Thank you, I ran this on the example in the original post and it β€œfailed to reject h_0”, but it now seems to do this even when I would expect it to reject:

julia> ExactOneSampleKSTest(fill(31,9999),d)
β”Œ Warning: This test is inaccurate with ties
β”” @ HypothesisTests ~/.julia/packages/HypothesisTests/BgrVj/src/kolmogorov_smirnov.jl:68
Exact one sample Kolmogorov-Smirnov test
----------------------------------------
Population details:
    parameter of interest:   Supremum of CDF differences
    value under h_0:         0.0
    point estimate:          0.00010001

Test summary:
    outcome with 95% confidence: fail to reject h_0
    two-sided p-value:           1.0000

Details:
    number of observations:   9999


julia> 

using the same d as in the original post.

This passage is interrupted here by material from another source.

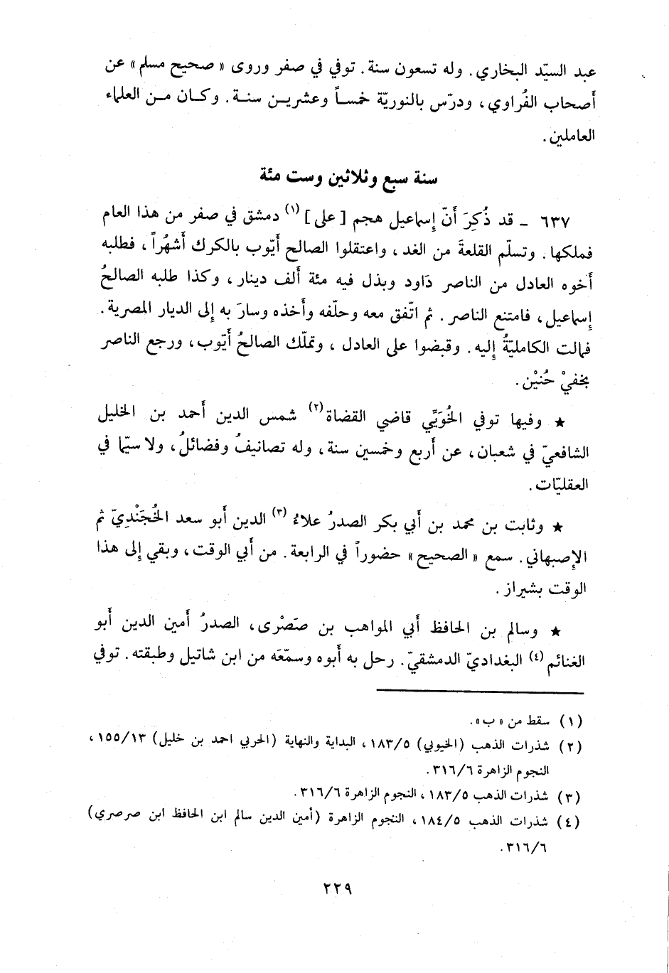 فيها ذكر أن إسماعيل هجم على دمشق في صفر من هذا العام فملكها.

Oops. Need to have a look. In the meantime, the two-sample test is a little simpler and so probably correct now. It can be used as a stop gap:

julia> ApproximateTwoSampleKSTest(fill(1,9999), rand(d,9999))
β”Œ Warning: This test is inaccurate with ties
β”” @ HypothesisTests ~/.julia/packages/HypothesisTests/BgrVj/src/kolmogorov_smirnov.jl:167
Approximate two sample Kolmogorov-Smirnov test
----------------------------------------------
Population details:
    parameter of interest:   Supremum of CDF differences
    value under h_0:         0.0
    point estimate:          0.50155

Test summary:
    outcome with 95% confidence: reject h_0
    two-sided p-value:           <1e-99

Details:
    number of observations:   [9999,9999]
    KS-statistic:              35.46317827975053

1 Like

It seems K-S test is not really suited for discrete distributions as-is, but has been extended to support them. The improved test is Cramer-von-Mises test. A good reference (I haven’t had time to read): http://www.stat.yale.edu/~jay/EmersonMaterials/DiscreteGOF.pdf.

Perhaps a Chi-square Goodness-of-fit test is worth exploring for this problem.

2 Likes

Continuing from last post, here is a Chi-squared test for the discussed problem:

onesampleGOF(sample, d::DiscreteNonParametric) = begin
    cm = [get(countmap(sample),k,0) for k in d.support]
    sum(values(cm)) < length(sample) && error("Sample has elements outside support")
    return ChisqTest(cm, d.p)
end

and then it is possible to:

julia> pvalue(onesampleGOF(2 .* sample, d))
7.485816224539387e-10
julia> pvalue(onesampleGOF(sample, d))
1.0
julia> pvalue(onesampleGOF(fill(31,10), d))
0.0
julia> pvalue(onesampleGOF(rand(d,100), d))
0.9999999116094588
julia> pvalue(onesampleGOF(rand(1:51,10), d))
0.0

Thank you, so this is how to do a Chi Squared test with HypothesisTests, I actually ended up making my own basic implementation.